[WHAT THIS TASK INVOLVES]:
Beginning with the line that contains "今年是新疆生产建设兵团成立7" and ending with the line that contains "The whole of", reproduce the lines of the entries below exactly, omitting pictures.

[EXTRACTED DATA]:

*** Begin section ***

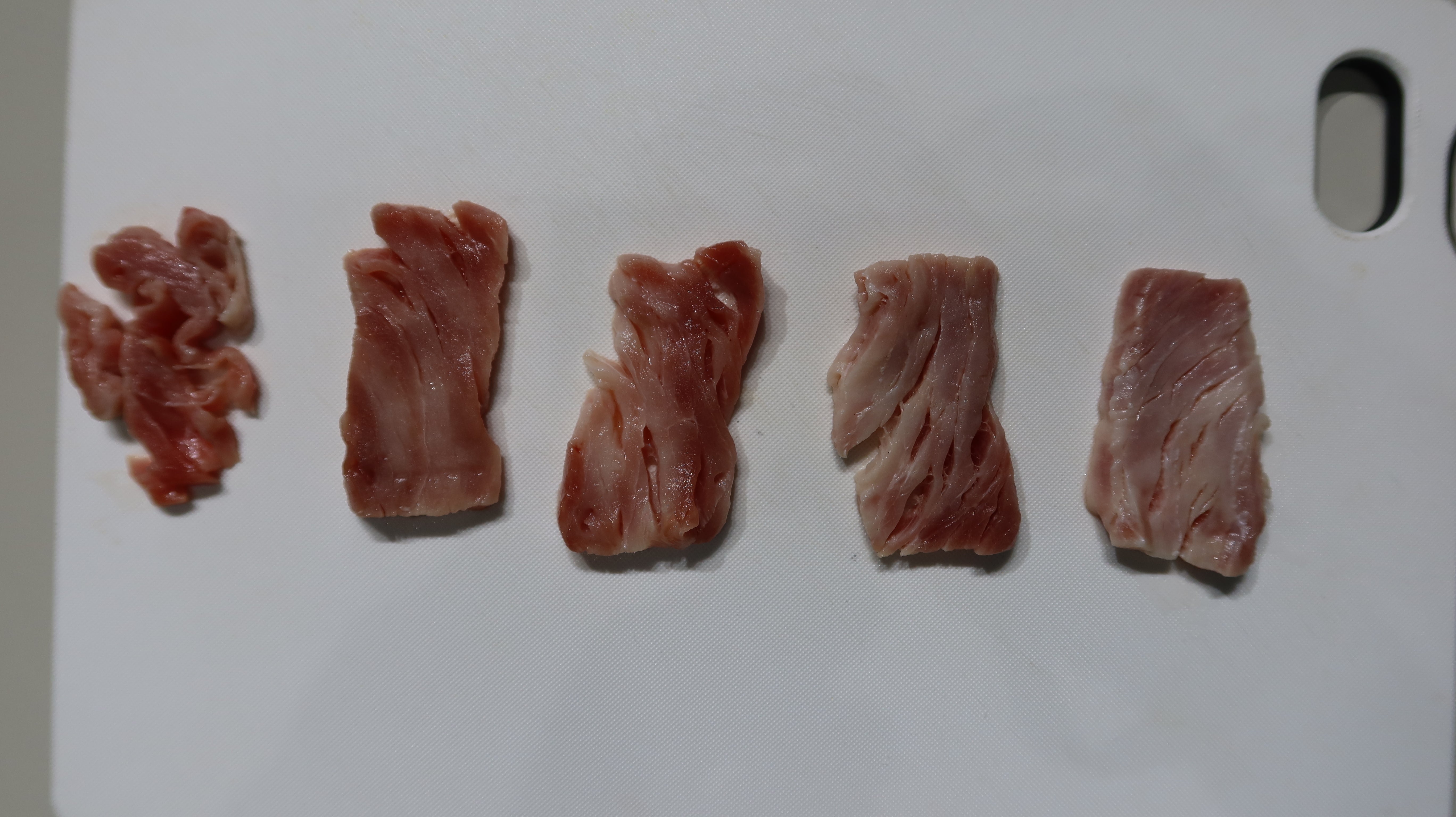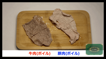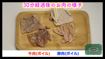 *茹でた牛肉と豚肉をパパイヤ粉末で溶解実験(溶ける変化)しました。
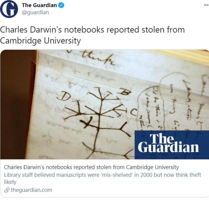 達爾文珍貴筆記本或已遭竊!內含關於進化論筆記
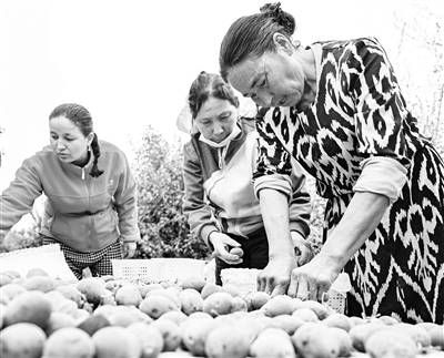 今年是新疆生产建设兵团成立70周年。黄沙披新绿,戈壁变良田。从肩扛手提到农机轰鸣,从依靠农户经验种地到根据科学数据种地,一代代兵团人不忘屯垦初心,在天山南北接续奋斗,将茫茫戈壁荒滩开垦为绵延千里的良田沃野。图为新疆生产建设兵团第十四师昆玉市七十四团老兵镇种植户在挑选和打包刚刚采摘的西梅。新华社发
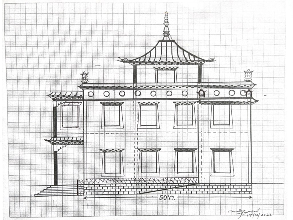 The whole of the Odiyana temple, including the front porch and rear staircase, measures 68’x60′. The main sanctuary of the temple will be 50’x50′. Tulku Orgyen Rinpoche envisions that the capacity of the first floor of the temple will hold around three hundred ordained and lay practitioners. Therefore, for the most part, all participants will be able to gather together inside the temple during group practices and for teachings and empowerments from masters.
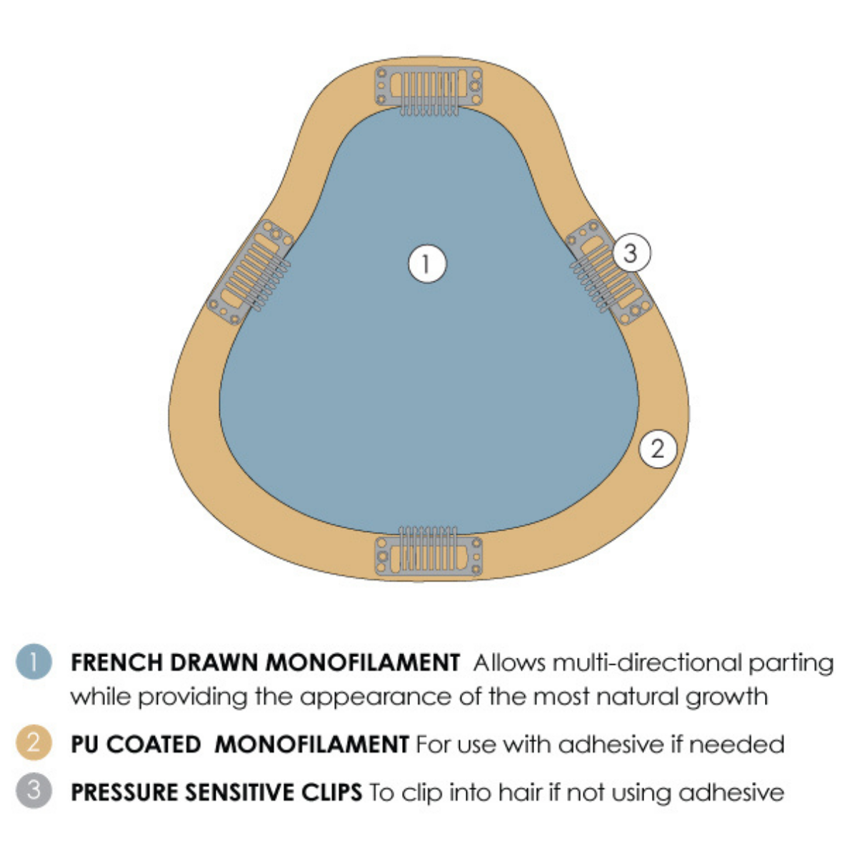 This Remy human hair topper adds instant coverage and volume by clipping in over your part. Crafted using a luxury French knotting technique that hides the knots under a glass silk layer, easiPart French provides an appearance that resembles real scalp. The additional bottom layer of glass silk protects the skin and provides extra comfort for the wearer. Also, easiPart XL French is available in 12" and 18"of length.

*** End section ***
*** Begin section ***

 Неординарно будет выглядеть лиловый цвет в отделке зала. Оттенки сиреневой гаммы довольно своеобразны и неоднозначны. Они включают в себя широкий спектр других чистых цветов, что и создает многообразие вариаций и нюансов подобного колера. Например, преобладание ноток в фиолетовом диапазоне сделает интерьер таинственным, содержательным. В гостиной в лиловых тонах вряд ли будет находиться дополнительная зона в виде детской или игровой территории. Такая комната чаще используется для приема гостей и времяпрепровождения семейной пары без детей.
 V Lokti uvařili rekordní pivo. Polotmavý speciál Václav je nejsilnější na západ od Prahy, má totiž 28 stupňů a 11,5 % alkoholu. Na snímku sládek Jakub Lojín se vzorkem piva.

*** End section ***

[EXERCISE RESULT]:
 今年是新疆生产建设兵团成立70周年。黄沙披新绿,戈壁变良田。从肩扛手提到农机轰鸣,从依靠农户经验种地到根据科学数据种地,一代代兵团人不忘屯垦初心,在天山南北接续奋斗,将茫茫戈壁荒滩开垦为绵延千里的良田沃野。图为新疆生产建设兵团第十四师昆玉市七十四团老兵镇种植户在挑选和打包刚刚采摘的西梅。新华社发
 The whole of the Odiyana temple, including the front porch and rear staircase, measures 68’x60′. The main sanctuary of the temple will be 50’x50′. Tulku Orgyen Rinpoche envisions that the capacity of the first floor of the temple will hold around three hundred ordained and lay practitioners. Therefore, for the most part, all participants will be able to gather together inside the temple during group practices and for teachings and empowerments from masters.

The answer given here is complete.